"Congo's Children" E-book: Interview with Kem Knapp Sawyer
Reporting from the Democratic Republic of Congo on the lives of children, parents, caregivers, volunteers, and public health workers, Pulitzer Center contributing editor Kem Knapp Sawyer writes of the lingering horrors of war. Her focus is on the children of Congo, a country that has undergone severe trauma from decades of violence and conflict.
We spoke about the markers of hope and the initiatives she chose to profile in her new e-book, Congo's Children, co-authored with Pulitzer Center executive director Jon Sawyer.
You highlight a number of organizations and people making significant differences in the Democratic Republic of Congo (DRC), such as Jean Paul Kinanga, director of the Maison Marguerite, and Stanislas Lukumba, a nurse who operates in the mobile van in Kinshasa. Do you think these people have a certain quality or specific vision that makes them successful?
Kem Knapp Sawyer:
You’ve singled out two very special people who are part of Congo’s Children. Stanislas Lukumba has worked for eight years as a nurse in a mobile van in Kinshasa, the nation’s capital. Every evening a driver takes him through neighborhoods where street kids hang out. Children with injuries and those who are sick come to him for treatment. On the night we visited he treated a young boy who had received a head injury after being hit with a bottle.
Jean Paul Kinanga is the director of the Maison Marguerite, a shelter for young women in Goma, many of them mothers and survivors of sexual violence. Jean Paul provides housing, education and vocational training—most importantly, he also fosters a loving, nurturing environment.
What is special about Stanislas and Jean Paul is that they are unusually caring people with big hearts. They are also quiet and unassuming—they know they can make a difference in the lives of young people and so they don’t waste any time. They get the job done and they are amazingly efficient, whether it’s attending to a wound or counseling a distraught mother. It’s frustrating for Stanislas and Jean Paul to reach only a limited number of youth, but they don’t give up. They do what they can.
AW: According to Annette Wanzio, who heads an ORPER open center, “The more we’ve done, the more we have to do. In 2006, there were 13,500 street kids in Kinshasa. Now, according to UNICEF estimates, there are more than 20,000.” Why do the numbers keep climbing?

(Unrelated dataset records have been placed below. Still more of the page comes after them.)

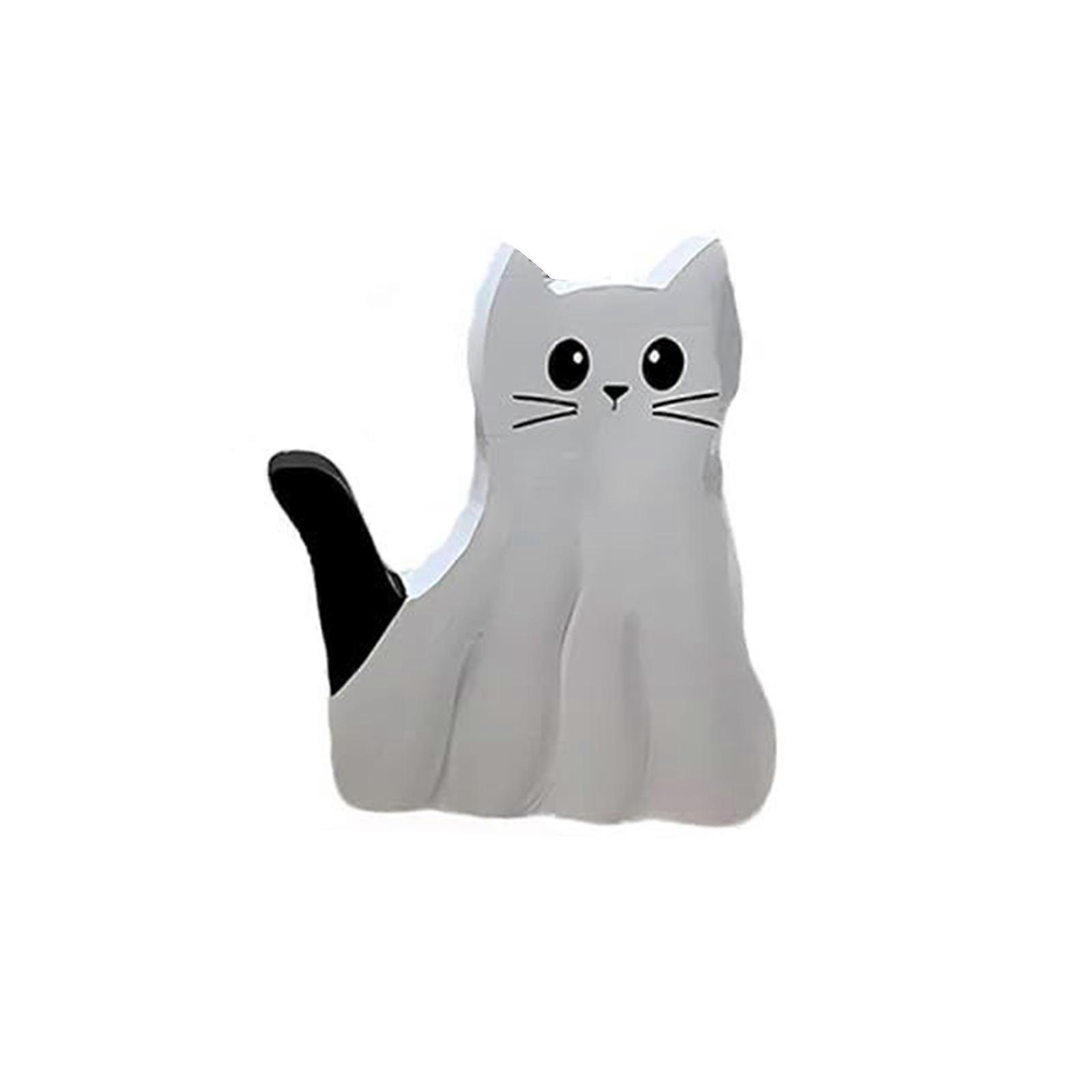 Wooden Ghost Cat Figurine, Halloween Ghost Cat Ornament Decor, Cute Cat Ghost Tiered Tray Decor, Handmade Cute Ghost Cat Statues for Cat Lover Creativ
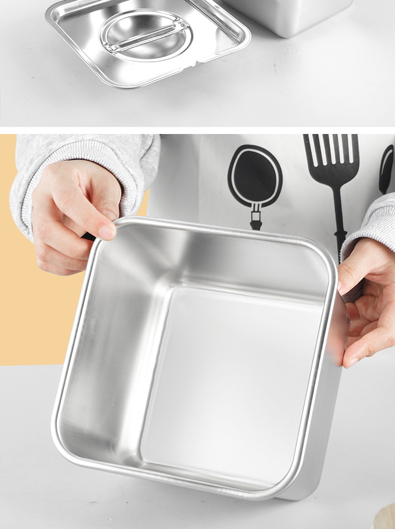 Acero inoxidable cuadrado de sabor grueso con tapa condimento tanque de condimentos cocina cuenca de manteca de cerdo caja de condimentos comercial caja de muestra
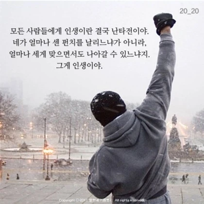 결국 '록키'가 말한 것처럼 "삶은 난타전이야. 때론 얻어맞으면서도 전진해야 해"라는 말에 공감합니다. 반드시 성공하리란 법도, 반드시 실패하리란 법도 없습니다. 그저 당신의 존재이유를 확립하고 비전의 푯대를 향해 끊임없이 시도하세요. 크고 작은 실패들이 당신을 담금질해 정금같이 나오게 할 것입니다. 도전하세요! ;)
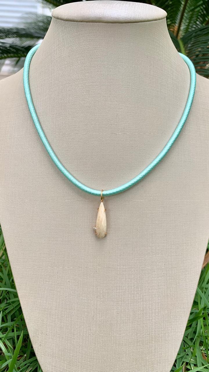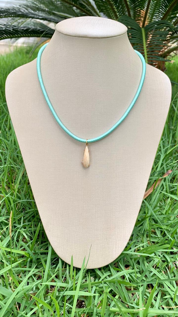 Colar fio de seda com pingente gota alongada feldspato, banhado a ouro18k.
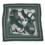 エルメス カレジェアン 140 ショール スカーフ 朝の散歩 バンダナ ナチュラル グリーン 黒 h-g769
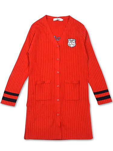 ワッペンや袖のラインがプレッピーなカーディガンをトレンドのデザインに★ワイドリブの編み地やロングシルエットでいつものコーディネートに差をつけます!
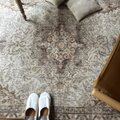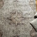 大判141×263メダリオン 春色クリーム×グレイ トルコヴィンテージラグ
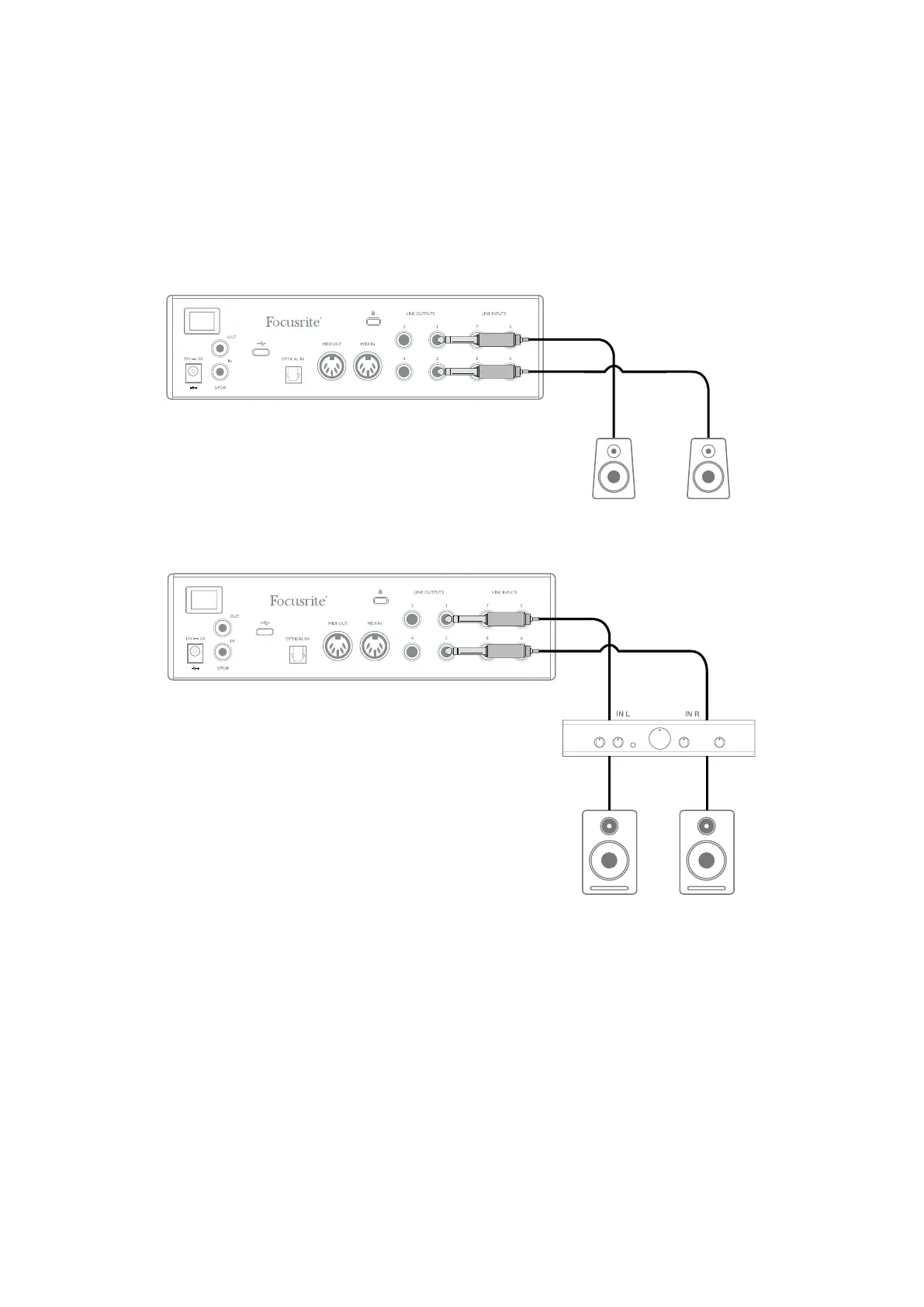 speakers have balanced inputs, use 3-pole (TRS) ¼” jacks to connect them to the Clarett+ 4Pre.

KKS: It’s important to realize that these numbers are only estimates. It’s very hard to calculate exact numbers of street children. What the growth in numbers shows is the magnitude of the problem. It points to the need to address the underlying causes: Poverty and large families often go hand and hand. Parents cannot always afford to feed every child—therefore one or more may be accused of witchcraft and abandoned. Some are orphaned or abused. Others are former child soldiers whose families and communities have rejected them. Progress must be made in alleviating poverty and improving education. Only then will the numbers of street children decrease.
AW: Your guide in Lolanga, Dieudonné, father of 10, says that he feels it is his responsibility to educate his children. He says, “I can help my children. And that is as it should be." Is this a common view in Congo?
KKS: Dieudonné is the director of a human rights organization in Mbandaka and devoted to his family and wants to provide a college education for his children. We met many Congolese who like Dieudonné will make huge personal sacrifices to give their children a college education. I can’t say that Congo is different in this respect from other countries—parents all over the world will do whatever they can to provide opportunities to their children.
AW: Dr. Kasereka “Jo” Lusi, founder of Heal Africa, describes healing as “making a big salad with many ingredients.” From your experience reporting in Congo, what do you think some of the main ingredients are?
KKS: I love this quote. Dr. Jo Lusi believes that he and others must take a holistic approach. He also says that healing is not about surgery and pills. So much more needs to be done. When women come to HEAL Africa, the hospital in Goma, they receive medical care, but also counseling and vocational training. If they bring small children with them, those children can attend a school on the premises. If they have been victims of sexual violence, they are often allowed to stay for months at a time, long enough for psychological scars to begin to heal. Women are encouraged to become more self-confident and to ask men to take on more responsibility for the household.
You ask for the main ingredients—I’d include medical expertise of course, but also an emphasis on education and literacy, and a re-examination of the roles men and women play. Most of all, the patients need to know that they are valued and that people care.